#### What you should do
Below is a listing; print exactly its lines from the one containing "Indoor Home Decor" down to the one containing "Norlen отдаёт дань", both inclusive, with every picture left out.

====== Extracted information

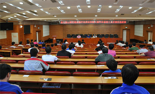 9月19日下午, 2017年中國技能大賽--第九屆全國交通運輸行業(yè)職業(yè)技能大賽汽車維修工北京賽區(qū)選拔賽預(yù)賽(理論考試)在北京交通運輸職業(yè)學(xué)院大興校區(qū)舉行。來自全市各區(qū)的37家企業(yè)的76名汽車修理工報名參加了這次選拔賽。北京市交通委員會運輸管理局機動車維修管理處副處長張磊、北京市交通運輸考試中心科長樊洪亮、北京汽車維修行業(yè)協(xié)會副秘書長連忠政及競賽辦公室工作相關(guān)人員參加了預(yù)賽啟動,并全程監(jiān)考。
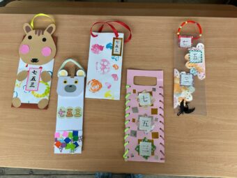 子どもたちが作った千歳飴袋 左から,りす組,うさぎ組,きりん組,ぞう組,らいおん組 |
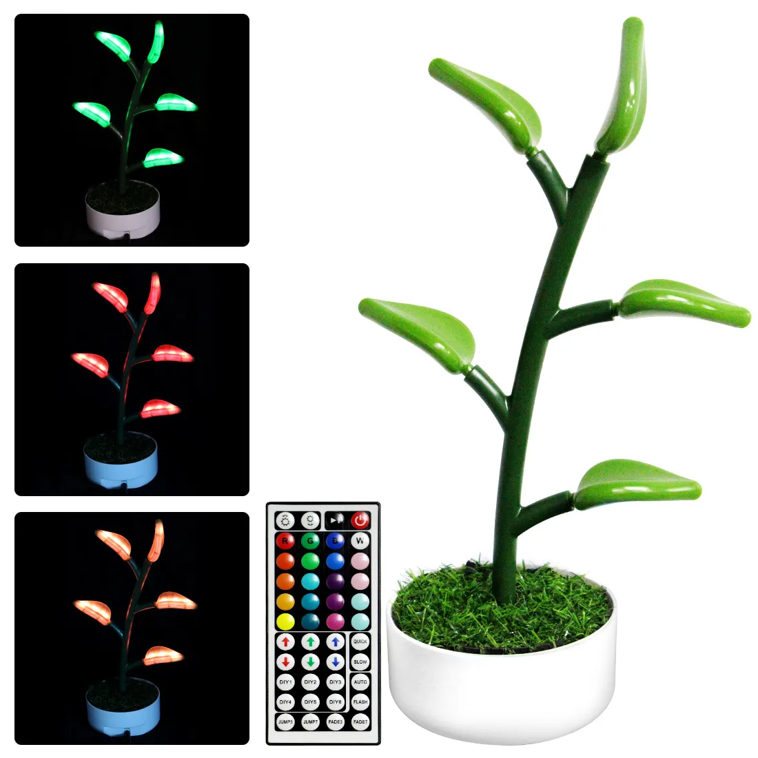 Indoor Home Decor with Remote Control Table Lamp and LED Houseplant Light – Modern RGB Artificial Leaves Design
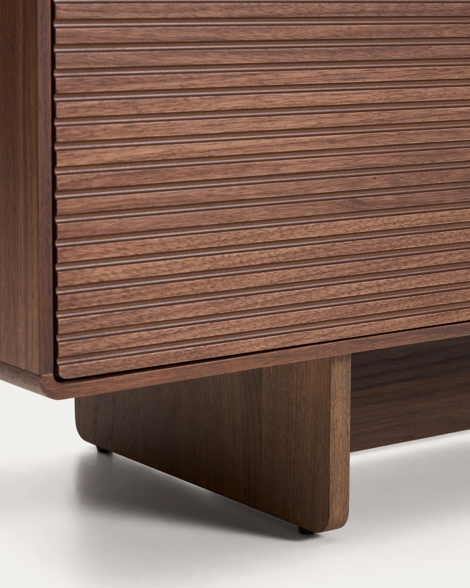 Norlen отдаёт дань уважения дизайну 1950-х годов в современной интерпретации, сочетая минималистичные формы и винтажные детали. Слегка закруглённые углы и деревянное основание создают ностальгическую атмосферу, переосмысленную благодаря чистым линиям и современным пропорциям. Тёмный ореховый шпон, нанесённый методом вакуумной мембранной печати, идеально подходит к радиусам мебели, объединяя отделку и придавая глубину и индивидуальность каждому предмету. Он покрыт полиуретановым лаком, обеспечивающим устойчивость к износу и влаге.
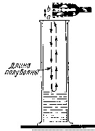 Поднесем вибрирующий камертон к высокому стеклянному цилиндрическому сосуду (рис.7). Будем теперь понемногу наливать воду в сосуд; через некоторое время мы услышим сильный звук. Если продолжать наливать воду, то звук прекратится.
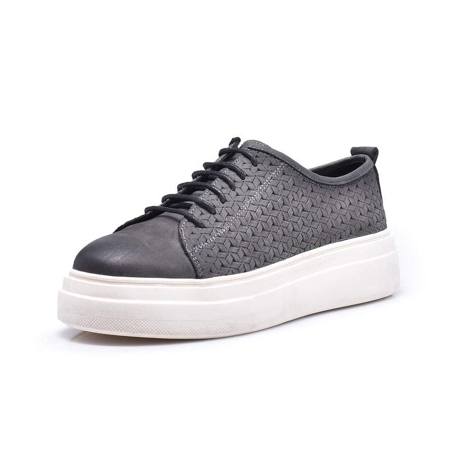 كاجوال جلد طبيعي برباط - رمادي
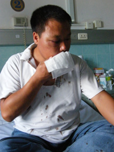 昨天下午,記者在?谑腥嗣襻t(yī)院見到受傷的田某。田某嘴唇已被縫合,但口水不停地往外流,其右眼圈紅腫發(fā)青。田某說,2006年4月,他通過老鄉(xiāng)認(rèn)識(shí)臨高人林某。林某對(duì)田某說,臨高縣某單位的房子要拆遷,他可以弄到該拆遷工程。當(dāng)年4月18日,田某從一個(gè)老鄉(xiāng)那里拿了5萬元拆遷工程墊付款給林某,兩人簽訂了工程承包合同。之后,林某以種種借口拖延,2年多時(shí)間過去,田某也未能承包到該工程。
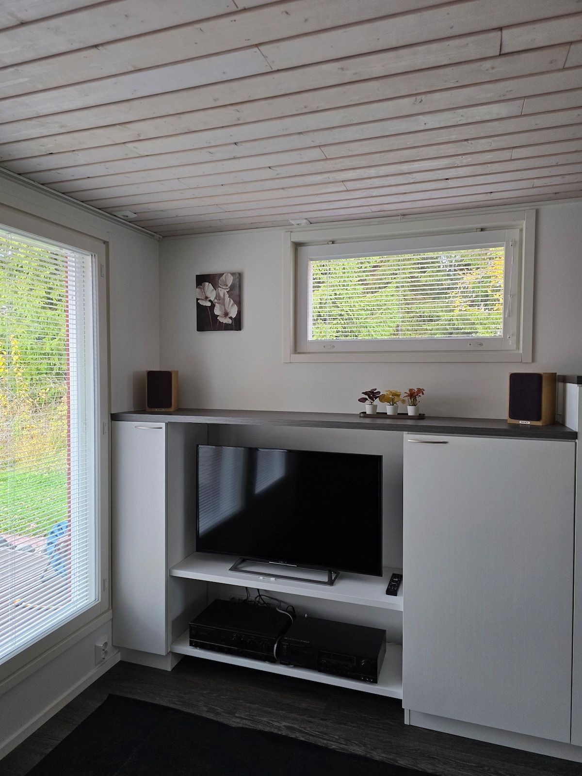 Şəhərin səs-küyündən təbiətin rahatlığına qədər bir az fasilə axtarırsınızsa, bu, sizin üçündür. Varkausdakı Kangaslammdan (kottec cənub tərəfdə yerləşir) ucuz təvazökar, elektrikləşdirilmiş, ibtidai yay kottecini (təqribən 65 kvadrat metr) icarəyə götürün. Kottecdəki hər şey çayın üstündə və buzda deyil, ehtiyacınız olan hər şeyin olduğu əsas kabinədir. Kottecdə soyuducu, dondurucu, mikrodalğalı soba, qəhvə maşını, çaydan, toster, soba, qaz manqal var. Əsas qablar dəsti, televizor, radio, tüstü detektorları.
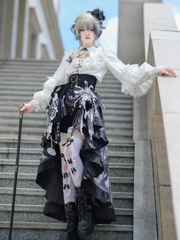 Circus Vibes Ouji Lolita Outfit - White Shirt + Black Shorts + Corset Belt + Bunny Print High-low Skirt
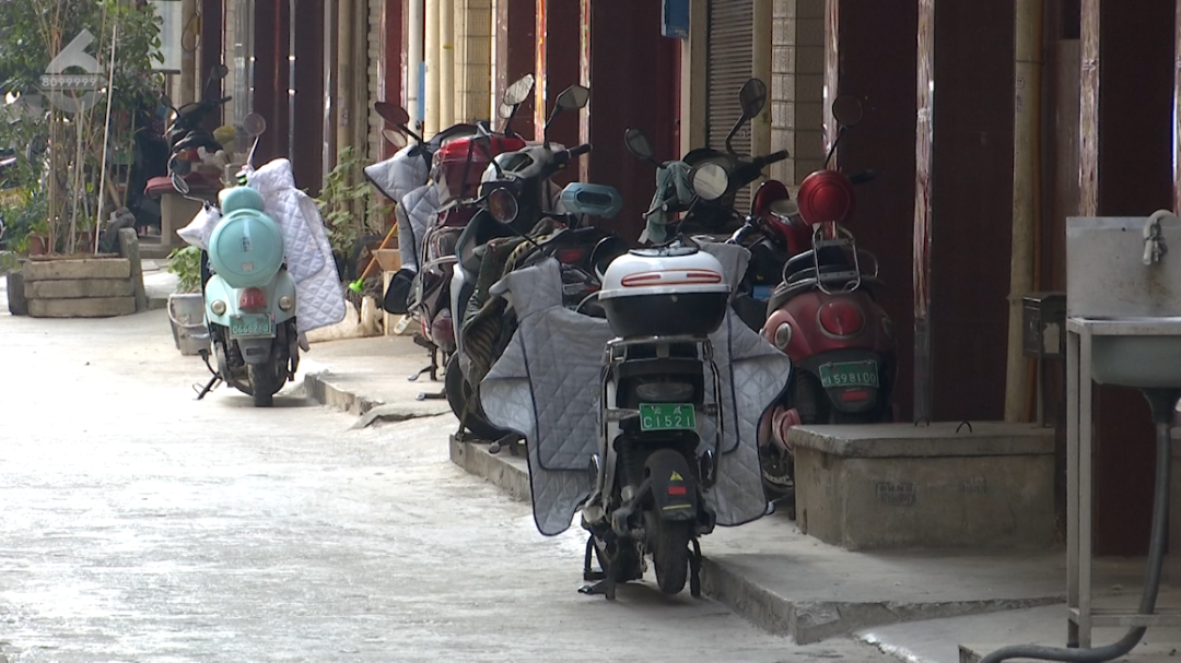 监控显示,当天凌晨四点半左右,一名穿着白色上衣,戴咖啡色帽子的男子,打着电筒走到李女士家楼下的巷子里,这里停着很多电动车。
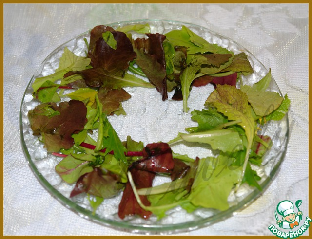 На тарелку выкладываем листья салата, у меня салатный микс (но также и без салата можно подавать, все равно будет вкусно).

============

#### Solution
 Indoor Home Decor with Remote Control Table Lamp and LED Houseplant Light – Modern RGB Artificial Leaves Design
 Norlen отдаёт дань уважения дизайну 1950-х годов в современной интерпретации, сочетая минималистичные формы и винтажные детали. Слегка закруглённые углы и деревянное основание создают ностальгическую атмосферу, переосмысленную благодаря чистым линиям и современным пропорциям. Тёмный ореховый шпон, нанесённый методом вакуумной мембранной печати, идеально подходит к радиусам мебели, объединяя отделку и придавая глубину и индивидуальность каждому предмету. Он покрыт полиуретановым лаком, обеспечивающим устойчивость к износу и влаге.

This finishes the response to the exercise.